After concluding that it is not viable to use institutional person pages to build a “Who’s Who” directory for MishMash, I yesterday found that NVA can be a good solution. However, it would only cover affiliated (Norwegian) researchers, which may be too restrictive for MishMash, where we also want to list non-academic, non-affiliated, and international researchers. Then, ORCID may be a better solution. This is an international registry where researchers can register themselves (check my ORCID profile). However, what information is available there and how can it be retrieved?

Retrieving ORCID data

Similar to NVA, the ORCID website is also a JavaScript single-page application. So there’s no simple metadata to collect from the HTML header. Fortunately, ORCID does support proper content negotiation. Sending Accept: application/json to the profile URL redirects you to the public API:

GET https://orcid.org/0000-0001-6171-8743
Accept: application/json
→ 302 → https://pub.orcid.org/v3.0/0000-0001-6171-8743

And the nice thing is that no API key is required for public data. The /person and /record endpoints return well-documented JSON.

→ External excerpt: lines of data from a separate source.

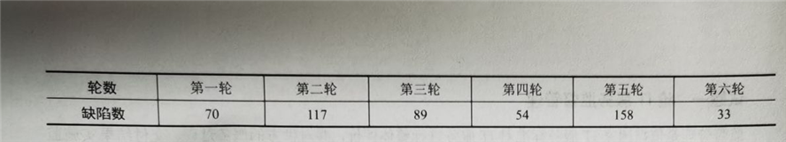 编程结束后,进入了测试阶段。第一轮测试,发现了70个缺陷,项目组对发现的缺陷进行了修复,又重新提交了测试。第二轮又发现了100多个缺陷,就这样反复修改和测试,直到第六轮,发现了33个缺陷。各轮发现的缺陷数如下: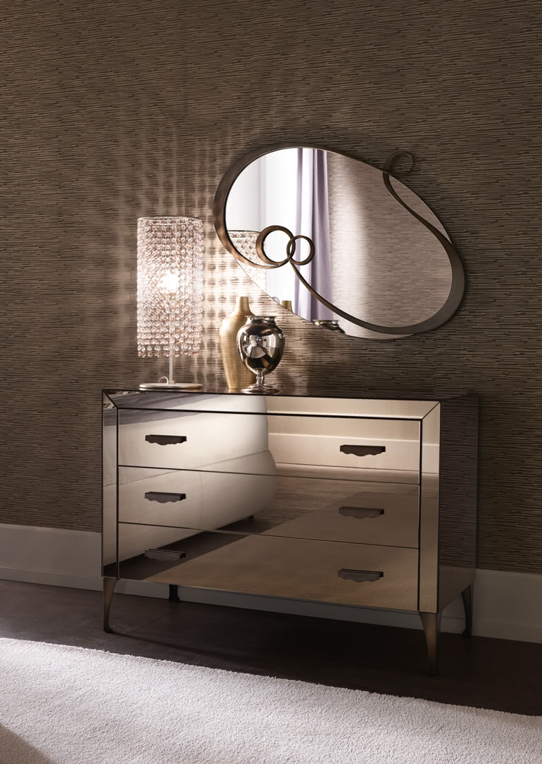 Presenta 3 cassetti con guide ad estrazione totale e richiamo frenato. Tutto rivestito in specchio molato con maniglie e piedi in metallo o in bronzo. Un comò dal sapore vintage che, insieme ai comodini, crea un gruppo notte perfetto anche per una camera da letto classica o vintage.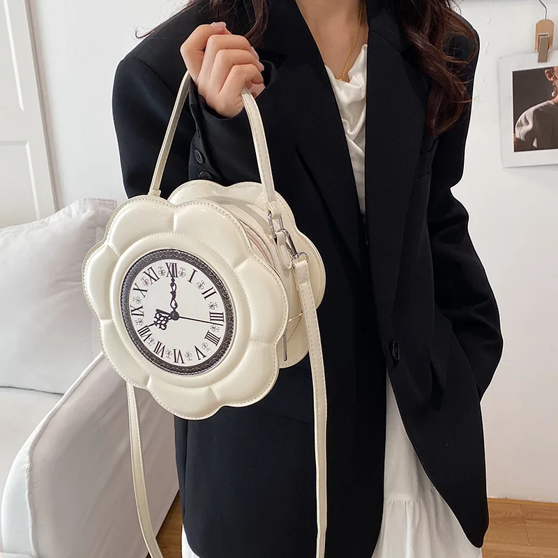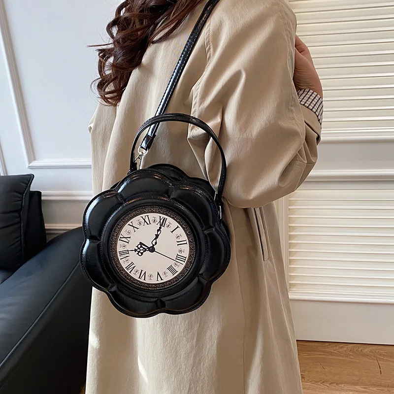 Vintage Clock Shaped Small Bag 2026 New Fashionable Handbag PU Leather Small Round Bag for Women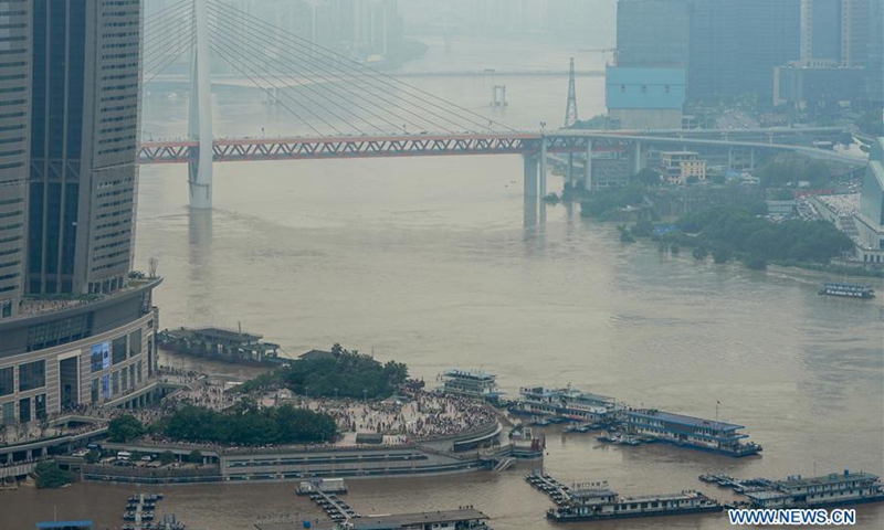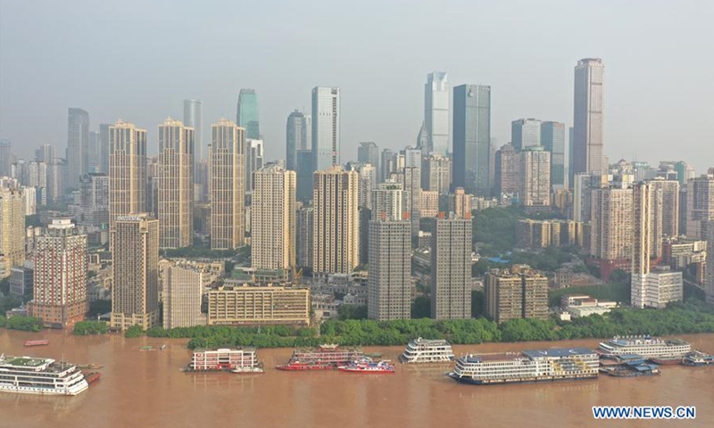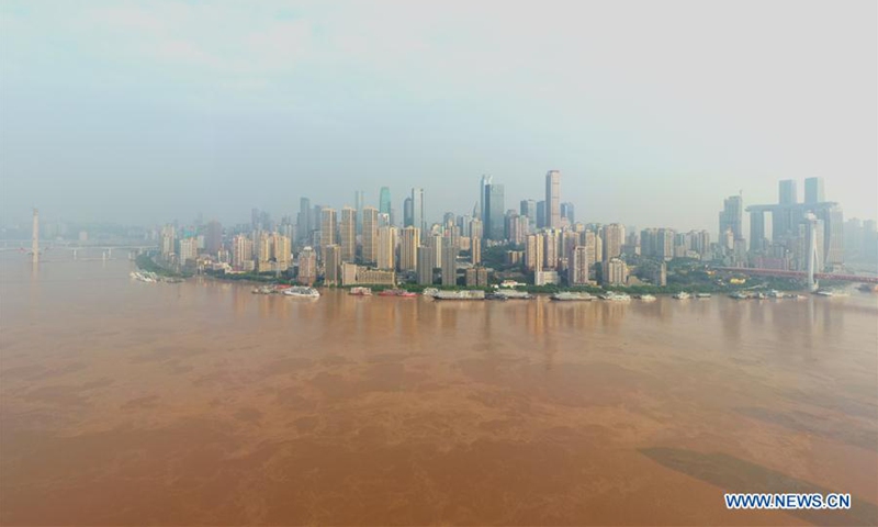 Aerial photo taken on Aug. 20, 2020 shows floodwater passing through the downtown area of southwest China's Chongqing Municipality. Yangtze River's water level in Chongqing Municipality exceeded historical high earlier Thursday morning, posing unprecedented threat to the metropolis in southwest China. At around 8 a.m. Thursday, the water level at the Cuntan hydrologic station in Chongqing reached 191.55 meters, 0.14 meters higher than the record in 1981, and was rising. (Xinhua/Liu Chan)

From the /person endpoint, the following fields are publicly available (for my own record):

FieldExample value
given-namesAlexander Refsum
family-nameJensenius
biographyFull biography text (~200 words)
keywords4 entries
researcher-urls4 entries (personal website, lab, etc.)
addresses1 entry (country)
emails0 public entries
external-identifiers3 entries (Scopus, ResearcherID, etc.)

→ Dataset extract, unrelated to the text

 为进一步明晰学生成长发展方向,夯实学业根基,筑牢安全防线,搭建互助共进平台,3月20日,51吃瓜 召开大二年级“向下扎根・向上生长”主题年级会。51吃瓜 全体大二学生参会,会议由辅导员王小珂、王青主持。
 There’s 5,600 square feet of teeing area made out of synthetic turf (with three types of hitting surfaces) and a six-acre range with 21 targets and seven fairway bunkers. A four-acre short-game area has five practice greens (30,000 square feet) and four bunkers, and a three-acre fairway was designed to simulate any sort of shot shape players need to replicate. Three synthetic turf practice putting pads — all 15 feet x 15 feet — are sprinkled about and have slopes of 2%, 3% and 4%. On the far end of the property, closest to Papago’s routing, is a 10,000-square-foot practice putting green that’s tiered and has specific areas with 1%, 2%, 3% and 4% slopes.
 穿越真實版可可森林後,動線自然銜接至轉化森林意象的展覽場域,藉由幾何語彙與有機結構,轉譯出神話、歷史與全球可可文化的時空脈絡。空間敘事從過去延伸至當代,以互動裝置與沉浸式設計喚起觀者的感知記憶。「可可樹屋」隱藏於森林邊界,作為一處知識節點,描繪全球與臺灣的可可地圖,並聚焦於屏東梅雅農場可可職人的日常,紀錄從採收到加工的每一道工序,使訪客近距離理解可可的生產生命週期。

From the /record endpoint, the activities-summary adds:

Activity typeCount in my record
Works (publications)311 groups
Employments1
Educations1
Fundings0
Peer reviews0

All of this is fetched with a single HTTP request per person.

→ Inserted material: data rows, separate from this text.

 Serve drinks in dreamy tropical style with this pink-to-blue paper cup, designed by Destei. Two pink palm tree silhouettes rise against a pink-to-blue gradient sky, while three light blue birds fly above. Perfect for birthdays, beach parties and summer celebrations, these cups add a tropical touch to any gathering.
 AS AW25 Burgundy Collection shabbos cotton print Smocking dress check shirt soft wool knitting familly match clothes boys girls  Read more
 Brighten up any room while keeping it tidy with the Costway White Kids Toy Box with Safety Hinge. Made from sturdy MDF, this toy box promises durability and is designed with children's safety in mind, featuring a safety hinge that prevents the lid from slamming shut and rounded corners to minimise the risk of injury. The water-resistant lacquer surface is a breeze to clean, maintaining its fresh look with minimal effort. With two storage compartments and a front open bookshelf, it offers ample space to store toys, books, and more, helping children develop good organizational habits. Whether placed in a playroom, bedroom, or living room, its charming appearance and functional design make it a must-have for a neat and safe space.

What this means for the MishMash directory

For our planned “who’s who” directory, we could use the ORCID API as a foundation for member pages. Given an ORCID iD, we can automatically pull in:

  • Full name
  • Biography text
  • Keywords/research interests
  • Institutional affiliations (from employment)
  • Links to personal/lab websites
  • External identifier links (Scopus, ResearcherID, Google Scholar if added)
  • Potentially a list of selected works

The things we cannot get from ORCID alone, and will need to add manually, are a photo, project-specific roles, and any tags or categories we want to use for filtering in the directory. However, that information could be collected from NVA, which is a richer (and perhaps more up-to-date?) registry.

How to build

An important consideration is when and how to fetch data. For a static site like the MishMash web page (built in Jekyll), build time makes the most sense. It is then possible to run a small Python script that queries pub.orcid.org, populates a JSON file and uses that data with a template to build the site. But should it be done at each run, once in a while, or manually? And how should we handle conflicts between the data sources? More on that in a future post.